The following day, on Wednesday, we started the process of butchering our animals. This is where you put in the time and the hard work that quickly reminds you of the biggest reason you are a hunter. We hunt for the food that it provides, and we have a personal connection to this food. We share this meat with our friends and family, and occasionally strangers. We relive the hunt and tell the stories over meals that these beautiful animals have provided. Hunting isn’t the act of going out and killing an animal just because you can. For us, hunting is a process, it is an experience that connects us to our food and brings us closer to nature. Telling the stories in a way that inspires others, whether non-hunters or new hunters, to maybe venture out and explore the possibilities of what the out of doors is all about, is important to me, and I feel it is crucial to help others open their minds to something they may not be familiar with in the present. We hunt for the challenge, we hunt for the opportunity to explore this country’s public lands, and most importantly we hunt for the food it provides us throughout the year. 




We went out to hunt public land not knowing what we might find.

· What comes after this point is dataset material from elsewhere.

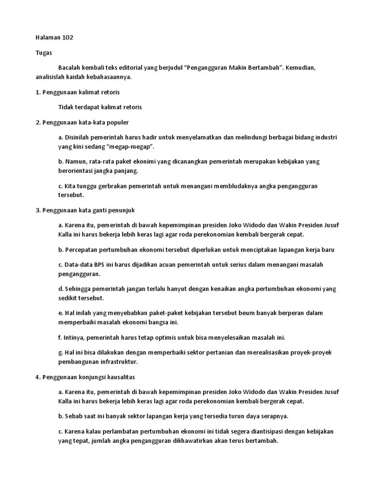Dua kalimat di atas merupakan respon, tanggapan, atau sudut pandang redaksi terkait data dan fakta yang mereka suguhkan. Berisi ulasan permasalahan yang dimuat dalam surat kabar. Pembahasan · aktual yaitu suatu teks editorial yang di tulis atau yang dimuat berdasarkan kejadian yang sesungguhnya. Fenomenal/fe·no·me·nal/ /fénoménal/ a luar biasa; Permasalahan yang dibahas dalam teks editorial adalah permasalahan yang berkaitan dengan peritiwa (berita) yang sedang hangat dibicarakan (aktual), fenomenal, .

We not only embraced the “suck”, but we endured it. Our friend Tim went out on Thursday night and shot one of those monster bucks behind the buttes at the ranch. We helped him drag it out, I took his photos for him, and I held a leg while he dressed it out. This buck was magnificent, it was stout, it still had velvet clinging to the tips of his antlers. He was everything you dream of, when you think of a Wyoming mule deer.

         
But he wasn’t the deer for me. The deer for me, was the deer I stalked and waited for, for so long on Tuesday. I couldn’t be more proud of our Wyoming hunt this year. I am thankful for the animals, thankful for our dear friends and their hospitality, and thankful for the public lands that made all of it possible. Maybe in a weird way, I am most thankful for the smell of the sagebrush, and the year long wait I endure before I can open that truck door, to that familiar smell that lets me know that we are back in Wyoming, once again.